Bismillahirrahmanirrahim
“Ey iman edenler! Oruç sizden öncekilere yazıldığı gibi size de yazılmıştır; umulur ki takvalı olasınız.” ( Bakara/183) Bu okuduğum ayet-i celile, geçen ümmetlere farz kılınan orucun bizlere de farz kılındığını beyan etmektedir. Beşerin tarih boyunca muhtaç olduğu ilahi farizelerden ve vacibattan biri de oruçtur. Oruç da namaz ve zikir gibi farzdır. Bütün zamanlarda, her durumda, bütün medeniyetlerde, beşer hayatının her asrında insan, sahip olduğu özellik gereği farizelere ve vacibata muhtaçtır. Bu amellerden biri de oruçtur.
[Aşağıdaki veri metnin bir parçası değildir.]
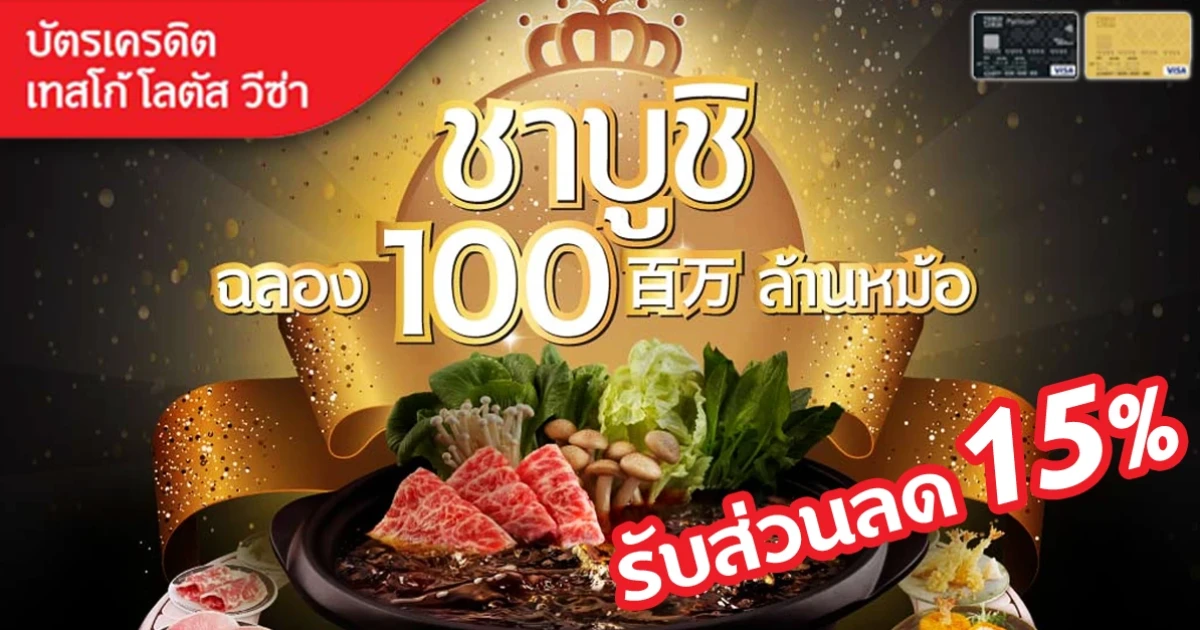 ชาบูชิ ฉลอง 100 ล้านหม้อ รับส่วนลด 15% เมื่อทานที่ร้านชาบูชิ และชำระผ่านบัตรเครดิตเทสโก้ โลตัส วีซ่า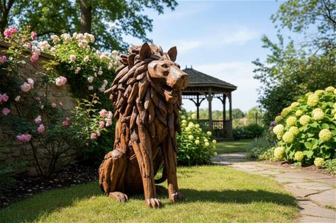 Teak Wood Natural Sculpture Sitting Lion Large Statue Hand Carved Art Deco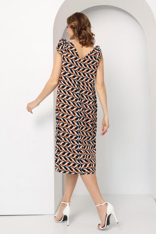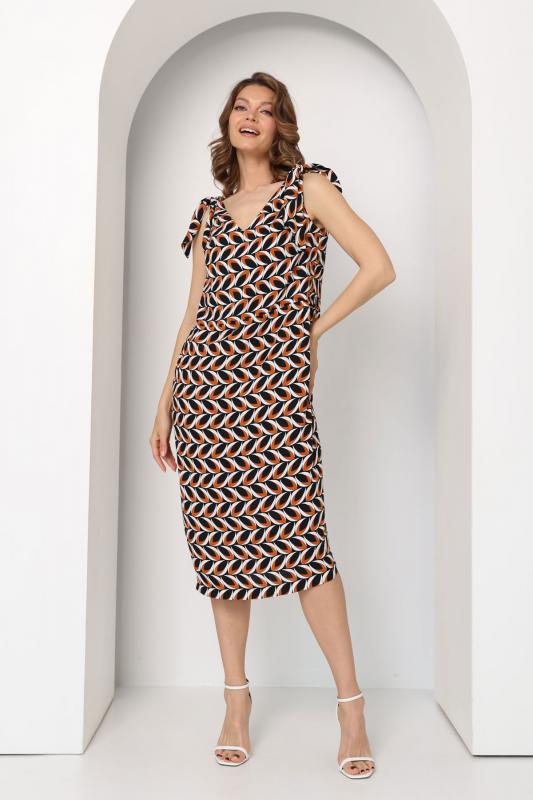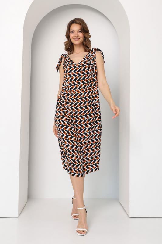 Платье-сарафан прямого кроя. V- образный вырез горловины. Длина миди. Лиф сарафана по плечам выполнен в виде завязок-бантов. Ткань: штапель вискоза. Обмеры готовых изделий: Длина изделия: 112 см (42р), 112,5 см (44р), 113 см (46р), 113,5 см (48р), 114 см (50р), 114,5 см (52р), 115 см (54р) Обмер изделия по груди: 90 см (42р), 94 см (44р), 98 см (46р), 102 см (48р), 106 см (50р), 110 см (52р), 114 см (54р) Обмер изделия по талии: 92 см (42р), 96 см (44р), 100 см (46р), 104 см (48р), 108 см (50р), 112 см (52р), 116 см (54р) Обмер изделия по бедрам: 100-106 см (42р), 104-110 см (44р), 108-114 см (46р), 112-118 см (48р) 116-122 см (50р), 120-126 см (52р), 124-130 см (54р) Параметры модели: 175 см, грудь 86 см, талия 66 см, бедра 96 см. На модели размер 44. Сделано в России.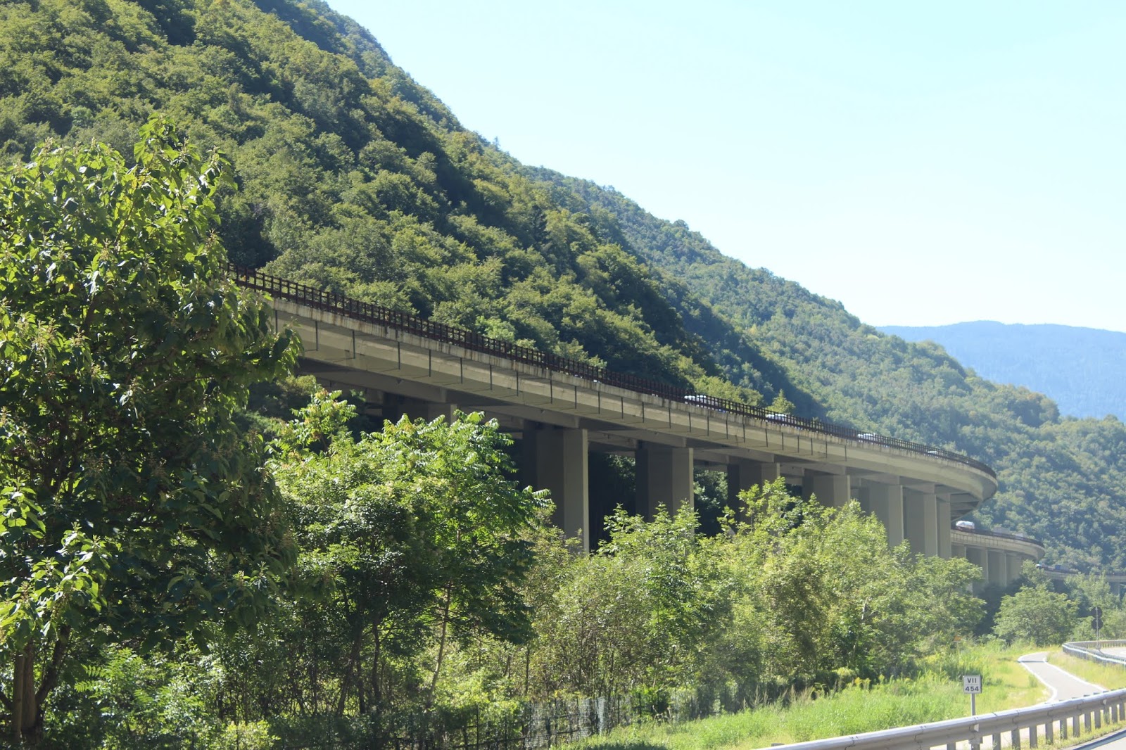 Tot Rapello hebben we het gehaalt, mooi binnendoor, maar daarna zijn we maar de autostrada op gegaan. Ons reisdoel is "in de buurt van de Monte Bianco", of voor de wereldburgers onder ons: De Witte Berg. We dachten aan de camping in La Salle, Morgex, net voorbij Aosta.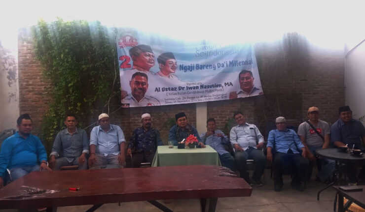 Al Ustaz Dr Iwan Nasution ,MA yang menjadi pembicara dalam kegiatan Ngaji Bareng Da’i Milenial mengungkap pentingnya menjaga kerukunan dan suasana teduh serta ceria dalam Pilpres 2024.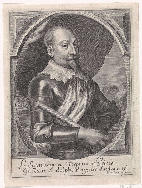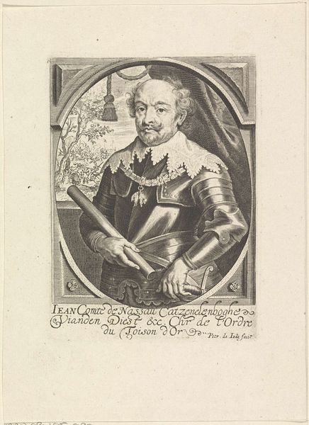 Editor: Here we have a finely detailed engraving, "Portret van Johan VIII, graaf van Nassau-Siegen," by Pieter de (II) Jode, dating sometime between 1628 and 1670. The armor and lace collar immediately give me a sense of Baroque grandeur, yet there's also an intimacy in the way he holds the baton, a symbol of authority perhaps. What catches your eye most in this portrait? Curator: The contrast between the meticulously rendered details of his armor and the more loosely sketched background is compelling. Almost like reality is solid but history remains a sketchy afterthought. The gaze seems to hold both pride and, dare I say, a touch of weariness. I wonder what burdens that fancy collar conceals? Do you sense that weight? Editor: I do, now that you mention it! He's not just posing; there's a lived-in quality to him. That weariness you mentioned is pretty visible actually. Almost as though the weight of being a count has taken a toll. Curator: Precisely! Engravings like these were often commissioned to solidify legacies. I see Pieter de Jode grappling not just with representing status but the human beneath it all. Is it glorifying or humanising? Or possibly a bit of both? Does that question maybe change how you interpret it? Editor: It definitely makes me think beyond the initial impression of just a historical figure. It's like the artist is hinting at the complexities of power and personality. I was too quick to think “grandeur,” but there's more here. Curator: Indeed, sometimes the grandest portraits whisper the most intimate secrets. What a marvelous way to spend an afternoon together discovering new dimensions to art! Editor: Absolutely, a reminder to look beyond the surface! This portrait’s subtlety really struck me and highlights how initial impressions can be misleading. Thanks so much for enlightening me about how appearances and what lies beneath.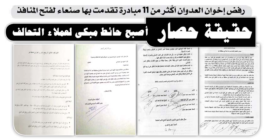 رفض أكثر من ١١ مبادرة تقدمت بها صنعاء لفتح منافذ تعز.. حقيقة حصار أصبح حائط مبكى لعملاء التحالف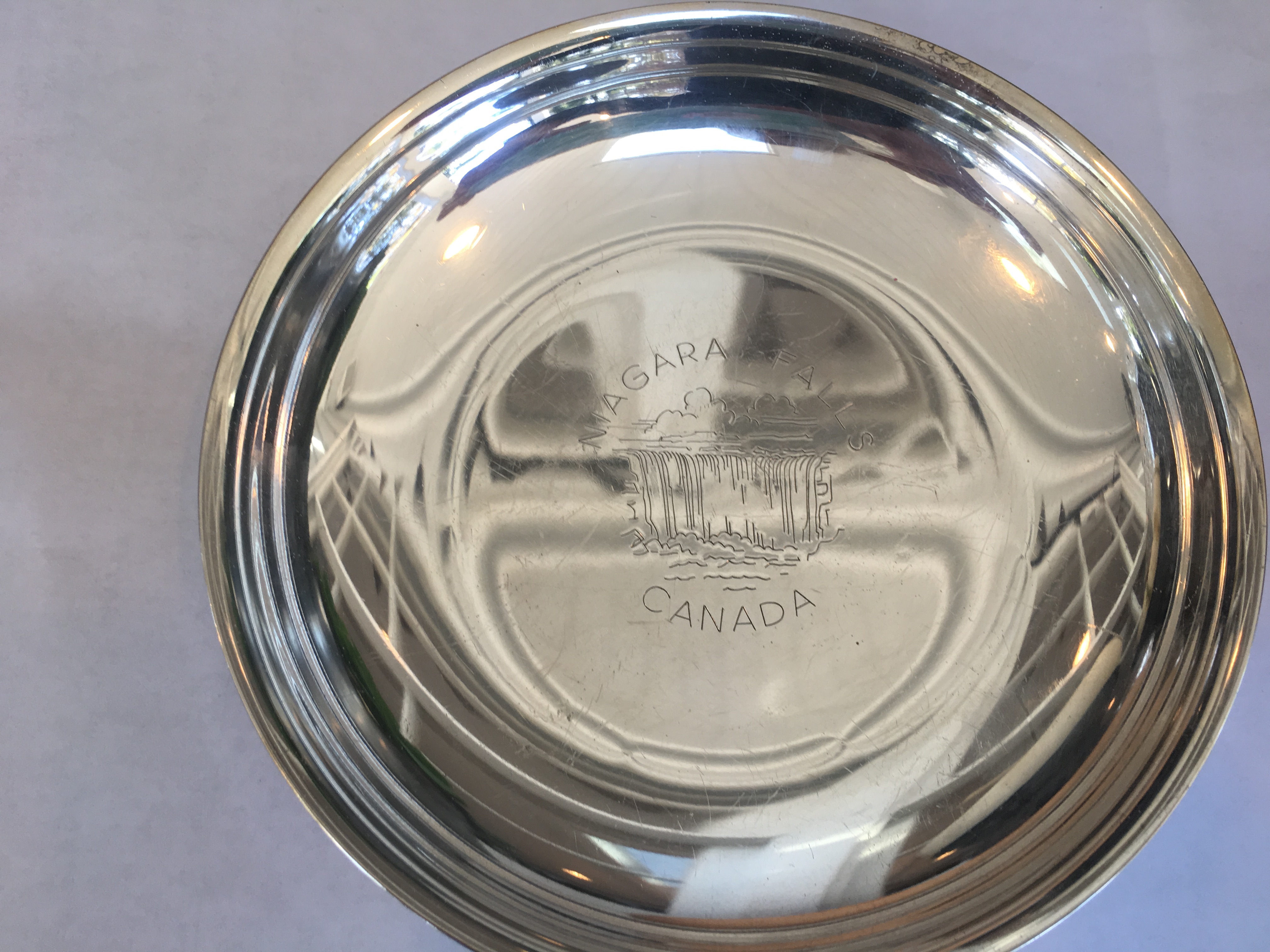 A shallow silver dish purchased by Jim and Marie Palsir during their 1963 honeymoon to Niaraga Falls.

İlahi teklif/görev olarak adlandırdığımız oruç hakikatinde ilahi bir şereflenmedir; oruç tutmak, isteyenler için çok kıymetli ve değerli bir fırsattır. Elbette zorlukları da vardır; hiçbir hayırlı ve mübarek amel zahmetsiz değildir, insan zorluklara tahammul etmeden bir yerlere ulaşamaz. İnsanın oruç tuttuğunda çektiği zahmet ve gördüğü zorluk, oruçtan elde edeceklerinin yanında naçiz kalır; az bir sermaye ile büyük karlar elde etmektedir. Oruç hakkında üç merhale zikr edilmiştir:
Açlık ve sussuzluk
Birinci merhale orucun genel merhalesidir; yani yemek içmekten ve orucu batıl eden diğer şeylerden kaçınmaktır. Orucun muhtevası sadece bu merhale olsa bile birçok faydaları vardır; hem bizi imtahan ediyor, hem bizi eğitiyor; yaşamımız için hem derstir, hem de imtahan, alıştırma ve idmandır. Beden için yapılan spordan daha önemli ve faydalı bir spordur. İmamlardan nakledilen rivayetler bu merhaleye işaret etmektedir; İmam Sadık (a.s) buyuruyor: “ Allah orucu, zengin ve fakir eşit olsun diye farz kıldı”. Allah-u teala orucu, belli günlerde ve günün belli saatlerinde fakir ile zengin aynı olsun diye farz kılmıştır; fakir ve eli boş olan insan günün her anında canı istediğini satın alamaz, bulup yiyemez-içemez, ama zengin ve varlıklı kimseler gün boyunca canlarının çektiğini temin etme imkanları vardır, herşey hazırdır onlar için. Zengin, bu bolluk ve varlığın içinde fakirin çektiği açlık ve sussuzluğu , yokluğu idrak edemez ama oruç tutulduğu zaman herkes aynıdır ve kendi seçim ve iradeleriyle isteklerinden elçekerler.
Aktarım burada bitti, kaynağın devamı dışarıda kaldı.